Workout May Help Youth KO Depression

Published: Nov 11, 2013 | Updated: Nov 12, 2013
By Cole Petrochko, Staff Writer, MedPage Today

Full Story:  http://www.medpagetoday.com/MeetingCoverage/SFN/42852

Action Points

  • Note that this study was published as an abstract and presented at a conference. These data and conclusions should be considered to be preliminary until published in a peer-reviewed journal.

SAN DIEGO — Young adults with major depressive disorder seemed to resolve depression after a 12-week exercise program with a motivational component, researchers reported here.

In a small, pilot study of depressed 18- to 24-year-olds, exercise was associated with declines in depression severity of 63%, where 83% of participants were no longer considered depressed at the end of the 12-week program, according to Robin Callister, PhD, of the University of Newcastle in Callaghan, Australia, and colleagues.

Changes in Beck Depression Inventory scores were significantly associated with changes in upper body strength (r=0.69, P=0.001) and gym session attendance (r=0.39, P<0.001), which showed that the fitness component, rather than the motivational component, was associated with the improvements in depression scores, Callister said during an oral presentation at the Society for Neurology meeting.

However, session moderator Hector Caruncho, PhD, of the University of Saskatchewan in Canada, suggested that the motivational component of Callister’s research was likely the reason for its success, highlighting that depressed patients generally don’t feel up to getting out of bed in the morning, much less participating in an exercise therapy intervention.

Research from 2008 showed that exercise was not associated with reductions in depression and anxiety in the general population. However, more recent research has shown thatexercise had modest effects on depression, but that these outcomes were muted in more well-designed studies.

Researchers have also drawn modest associations between depression reduction in heart failure patients with exercise, as well as in patients with multiple sclerosis.

The authors’ pilot study recruited 13 young adults (mean age 20.7) with major depressive disorder to investigate the feasibility and preliminary — a point emphasized by Callister during her presentation — efficacy of a 12-week exercise training program with a short motivational interview component.

Participants were excluded if they were suicidal at enrollment, had a psychotic disorder or brain injury, had a severe eating disorder, or if they were unable to exercise.

Those enrolled were primarily recruited through online social media advertising or university campus fliers and were followed up with via telephone screening. Depression was measured through a clinical diagnosis through criteria in the Diagnostic and Statistical Manual of Mental Disorders V and graded by severity through the Beck Depression Inventory II.

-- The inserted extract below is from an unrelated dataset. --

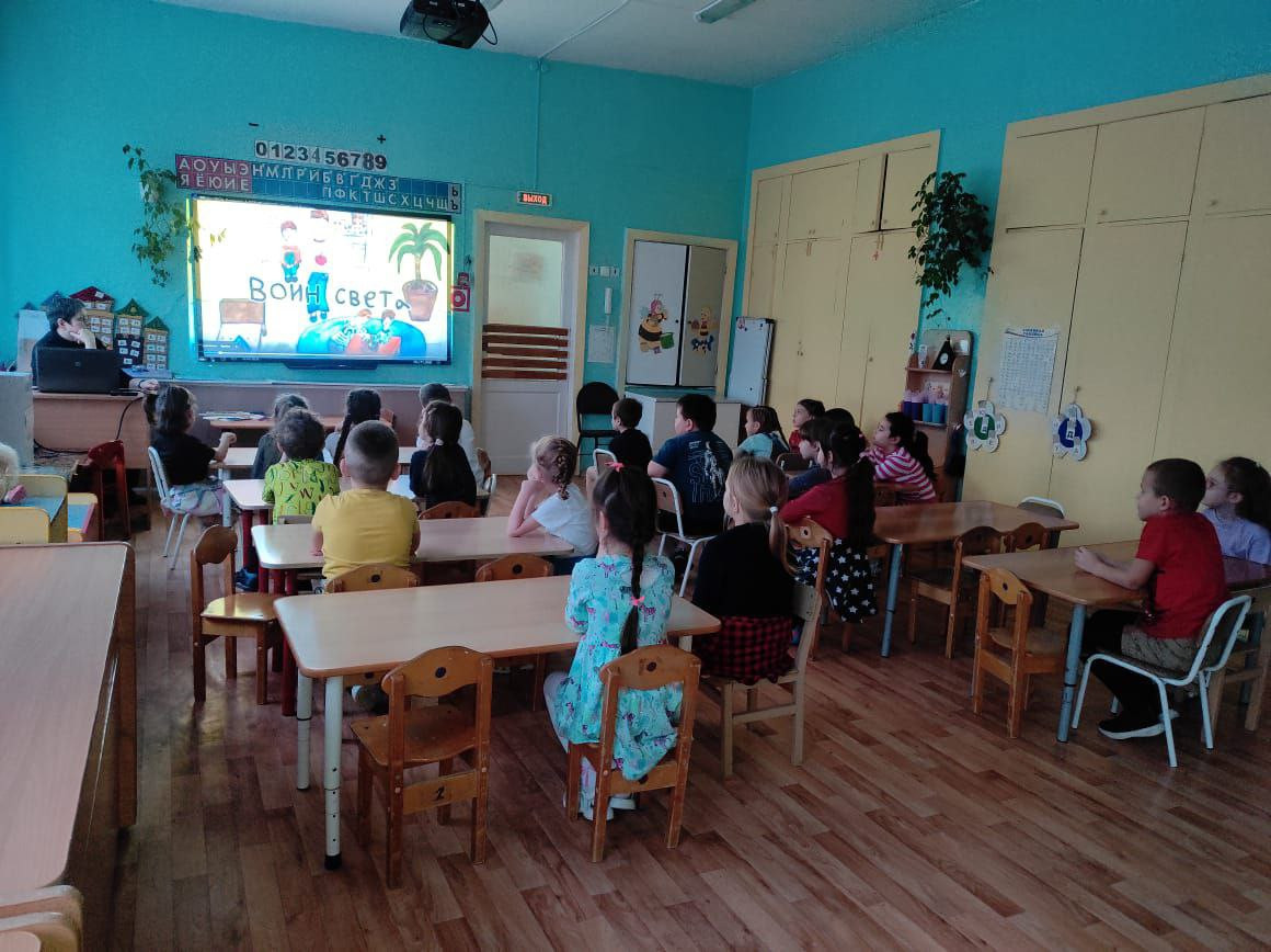 В рамках системы воспитания созидательных качеств «Киноуроки в школах России» проекта «О будущем» с детьми подготовительной группы был проведен киноурок «Воин света».

Participants were the subject to a brief, single-session motivational interview where a clinical psychologist reinforced motivation to exercise, helped them set goals, evaluated barriers to regular excise and strategies to overcome those barriers, identified sources of social support, and overall attempted to empower the young adult.

They then underwent a 12-week exercise program that included small groups of three to six participants who met with a personal trainer three times weekly. They also wore pedometers to measure step counts, completed daily online mood and physical activity reports, and had twice-weekly mood screenings.

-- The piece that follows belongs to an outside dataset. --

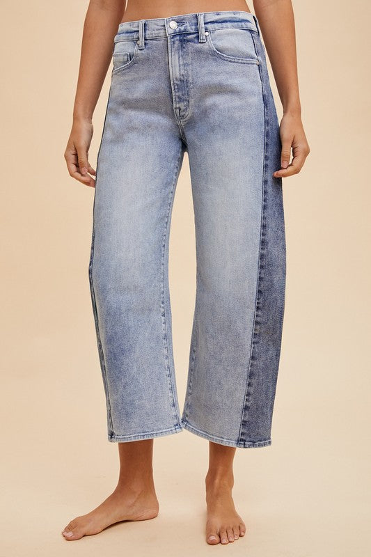 Two Tone Side Panel Barrel Jeans

The exercise program was broken up into three blocks of increasing intensity over the first 2 weeks, the next 5 weeks, and the final 5 weeks. Callister noted that participants wanted the intensity of workouts to increase earlier in the study.

At a 6-month follow-up, all but one participant reported mild depression, while the lone participant still suffered from major depression.

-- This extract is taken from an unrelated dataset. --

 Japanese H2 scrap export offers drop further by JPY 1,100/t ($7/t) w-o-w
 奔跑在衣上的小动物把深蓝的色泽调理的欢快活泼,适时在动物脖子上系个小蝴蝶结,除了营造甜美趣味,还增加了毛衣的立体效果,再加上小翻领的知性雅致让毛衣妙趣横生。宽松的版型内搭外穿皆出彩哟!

Callister cautioned that there was no control group in their research, but did add that a follow-up, randomized, controlled trial was underway. In this follow-up study, participants will be randomized to motivational interview with or without a physical activity component, with active enrollment to the physical activity component after the study period.

The study was supported by beyondblue and HMRI.

The authors declared no conflicts of interest.

Primary source: Society for Neuroscience

Source reference: Callister R, et al “12-weeks supervised exercise training plus motivational interviewing can reduce depression symptoms in youth with major depressive disorder” SFN2013; Abstract 13.02.